2023年5月11日 00:19:27go评论73阅读模式

英文:

Entity resolution - creating a unique identifier based on 3 columns

问题

I'm trying to find a way to create a unique identifier by using 3 columns (user_id, universal_id, and session_id). Column "expected_result" is what this unique_id should be after processing other 3 columns.

有三列（user_id、universal_id 和 session_id）要创建一个唯一标识符，"expected_result"列是在处理其他三列后应该得到的唯一标识符。

Sometimes user_id is not available, and in that case, the other two columns should be used to create the unique id.
有时候 user_id 不可用，在这种情况下，应使用其他两列来创建唯一标识符。
When user_id doesn't have a match and universal_id has a match, those should be treated as different (separate unique id).
当 user_id 没有匹配项而 universal_id 有匹配项时，它们应被视为不同的（单独的唯一标识符）。
"id" column is the order in which data is written into the database.
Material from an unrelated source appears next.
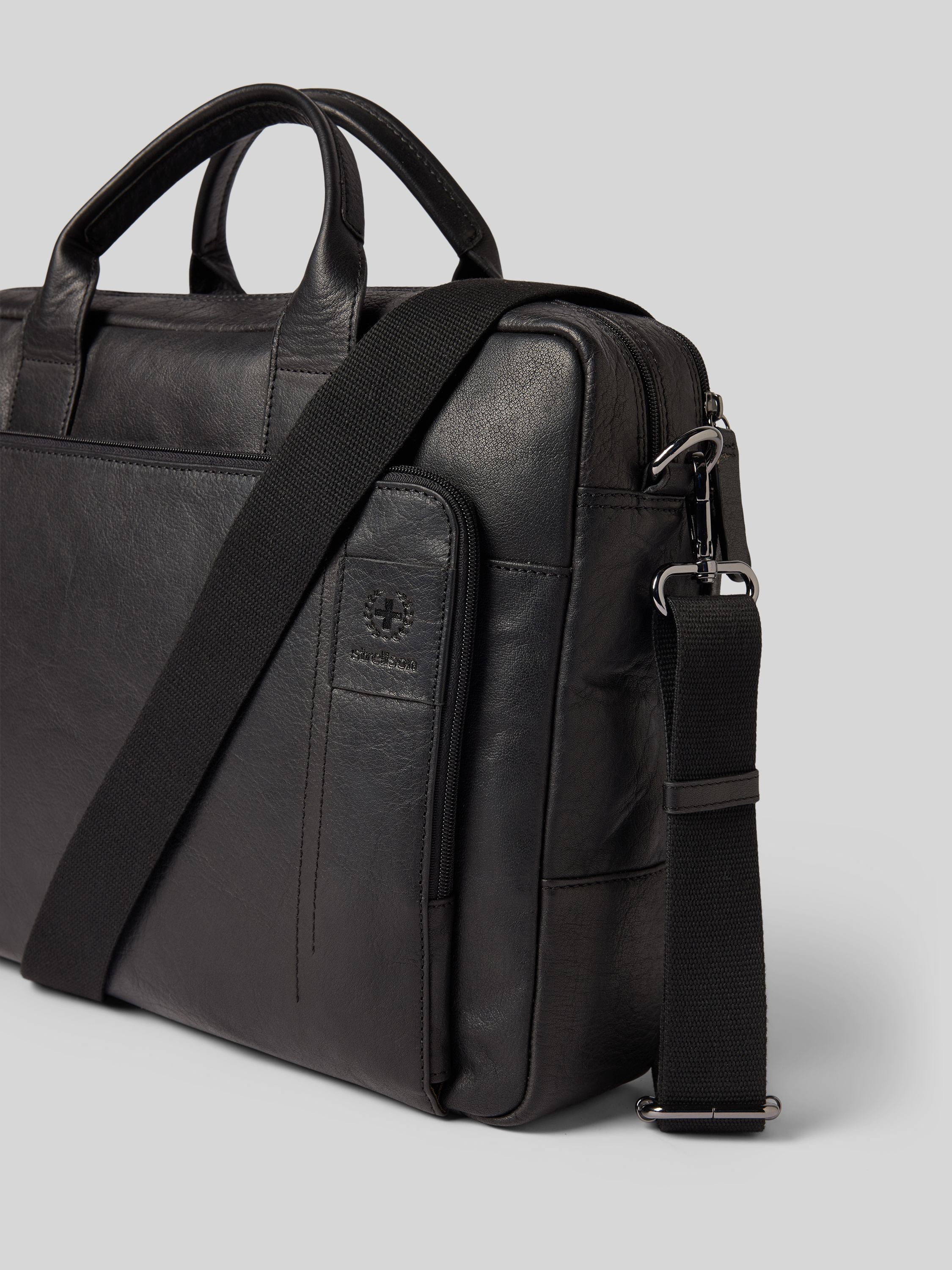 Laptoptas van echt leer, model 'HYDE PARK' in zwart

If a new row shows up that matches any of the previous rows (with already calculated unique id) by any of the 3 columns, the already existing unique id should be added to the new row.
"id" 列是数据写入数据库的顺序。如果出现一个新行与之前的任何行（已经计算出唯一标识符）匹配，无论是哪三列，已经存在的唯一标识符应该被添加到新行。

Here's a list of possible relationships between columns:
以下是列之间可能的关系列表：

user_id:universal_id = 1:N OR N:1 (if N:1 then each N needs a unique_id)
user_id:universal_id = 1:N 或 N:1（如果是 N:1，那么每个 N 需要一个唯一标识符）
user_id:session_id = 1:N
universal_id:session_id = 1:N or N:1
user_id:session_id = 1:N
universal_id:session_id = 1:N 或 N:1

I'm trying to find a thing in python (or pyspark because I may be using this on millions of rows) that can help me do the clustering of this data (or however this process is called in data science). The idea is to create a map of universal_id:unique_id. If you know how this is done please help, or at least point me to a subject that I should research to be able to do this. Thanks!

我试图在 Python 中找到一种方法（或者可能在百万行数据上使用 PySpark），以帮助我对这些数据进行聚类（或者无论在数据科学中如何称呼这个过程）。思路是创建一个 universal_id:unique_id 的映射。如果您知道如何做到这一点，请帮忙，或者至少指引我应该研究的主题，以便能够完成这个任务。谢谢！

I have Snowflake and Databricks at my disposal.
我可以使用 Snowflake 和 Databricks。

英文:

I'm trying to find a way to create a unique identifier by using 3 columns (user_id, universal_id and session_id). Column "expected_result" is what this unique_id should be after processing other 3 columns.

Sometimes user_id is not available, and in that case the other two columns should be used to create the unique id.
When user_id doesn't have a match and universal_id has a match, those should be treated as different (separate unique id).
"id" column is the order in which data is written into the database. If a new row shows up that matches any of the previous rows (with already calculated unique id) by any of the 3 columns, the already existing unique id should be added to the new row.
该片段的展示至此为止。